Project description:The global health crisis due to the fast spread of coronavirus disease (Covid-19) has caused great danger to all aspects of healthcare, economy, and other aspects. The highly infectious and insidious nature of the new coronavirus greatly increases the difficulty of outbreak prevention and control. The early and rapid detection of Covid-19 is an effective way to reduce the spread of Covid-19. However, detecting Covid-19 accurately and quickly in large populations remains to be a major challenge worldwide. In this study, A CNN-transformer fusion framework is proposed for the automatic classification of pneumonia on chest X-ray. This framework includes two parts: data processing and image classification. The data processing stage is to eliminate the differences between data from different medical institutions so that they have the same storage format; in the image classification stage, we use a multi-branch network with a custom convolution module and a transformer module, including feature extraction, feature focus, and feature classification sub-networks.
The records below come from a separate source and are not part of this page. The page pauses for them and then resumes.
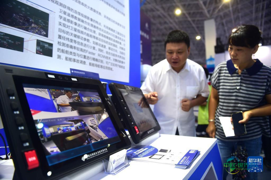 7月12日,参展单位工作人员(左)正在向参观者讲解新一代多功能北斗船载智能终端设备。
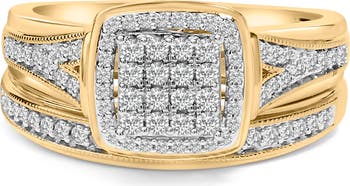 14K Yellow Gold Plated Sterling Silver 1/2 Cttw Diamond Square Cluster Bridal Set
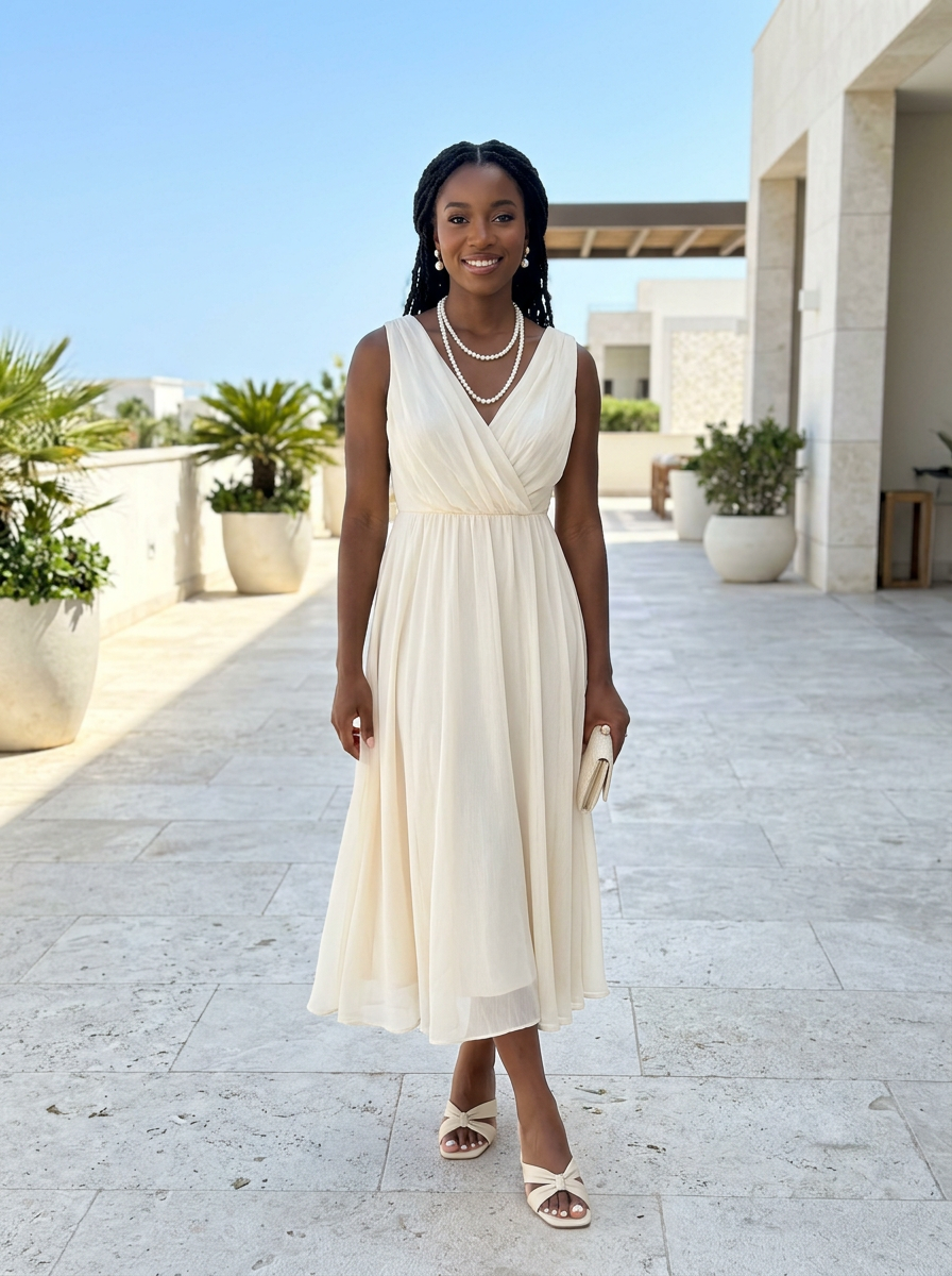 model in flowing cream midi dress with pearl accessories , all-white monochromatic look, elegant and airy, bright natural daylight

Feature extraction subnetworks extract the shallow features of the image and interact with the information through the convolution and transformer modules. Both the local and global features are extracted by the convolution module and transformer module of feature-focus subnetworks, and are classified by the feature classification subnetworks. The proposed network could decide whether or not a patient has pneumonia, and differentiate between Covid-19 and bacterial pneumonia. This network was implemented on the collected benchmark datasets and the result shows that accuracy, precision, recall, and F1 score are 97.09%, 97.16%, 96.93%, and 97.04%, respectively. Our network was compared with other researchers' proposed methods and achieved better results in terms of accuracy, precision, and F1 score, proving that it is superior for Covid-19 detection. With further improvements to this network, we hope that it will provide doctors with an effective tool for diagnosing Covid-19.